And does your answer to #12 mean you do or don’t charge extra for the SDK?
Thanks for the welcome! We don’t charge for an SDK, sorry for the ambiguity.
Cheers,
Ian
I’ve added this the master list: http://www.julianwraith.com/?p=60
Thanks! 🙂
Thank you for participating in this, Ian.
I’m finding this whole “meme” thing quite interesting – gives an idea of what’s out there and who cares about what features. As an English-speaker with only UK-based clients, I never considered the language problems before – will be keeping an eye!
A very thoughtful and well constructed response Ian. Also credit to Jon Marks for his entertaining blog coverage of this. He commented to me in Sweden the other week that he’d love to be a CMS analyst “if only he could write” – I think he’s demonstrated he can do that very well!!!
All – thanks for your comments, sorry to be so tardy in replying – James, you are spot on – Jon Marks blog is a super read.
Very useful information. Thanks for this. You got a great blog .I will be interested in more similar topics.I’m very interested in CMS and all its related subjects.
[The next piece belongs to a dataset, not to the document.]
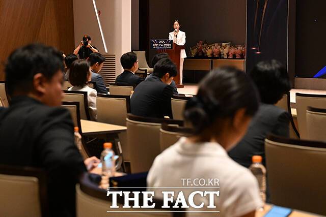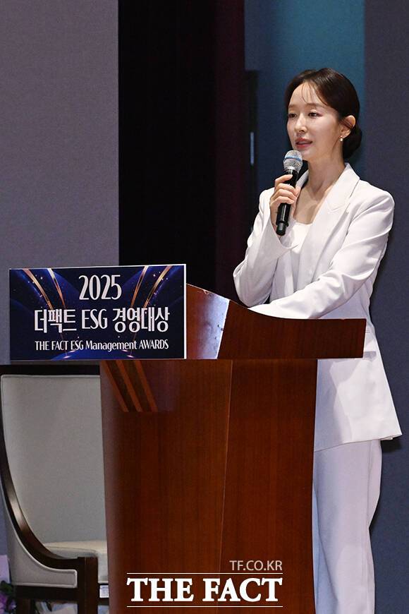 특종에 강한 신개념 대중 종합지 <더팩트> 가 주최하는 '2025 ESG 경영대상' 시상식이 26일 오후 서울 영등포구 여의도 한국거래소(KRX) 컨퍼런스홀에서 열려 박선영 아나운서가 사회를 보고 있다. 더팩트>

Given your recent move to SDL Tridion, would your response to question 11 be the same if asked again?
Hi Brad,
Are you asking me to answer for SDL or for Alterian?
If it was for SDL – I am too new to do most of the questions justice and an honest answer to 11 won’t come until I have spent more time with customers and understood the experience that they have had. However, the conversations I had prior to joining and the first five days in the job I have been impressed by the focus on customer satisfaction and the stated intention to build that relationship from the foundations of the pre-sale and of course my role is to make sure we can answer 11 with an emphatic yes: “Our software does what we say it does”.
For Alterian – I answered the question honestly, but it sounds like you have something on your mind. 🙂 I think in the two years since I wrote this, they would admit themselves, that they were slow to deliver on the promise of the acquisition – in terms of delivering an integrated web engagement platform – only now are we seeing this come through in CM7. In any case, I think if you asked me this question two weeks ago, I could have given an opinion – I think today maybe I shall decline, plead the fifth and move onto talking about the weather, the football or something… 😉
Cheers!
Ian
PS Excellent blog!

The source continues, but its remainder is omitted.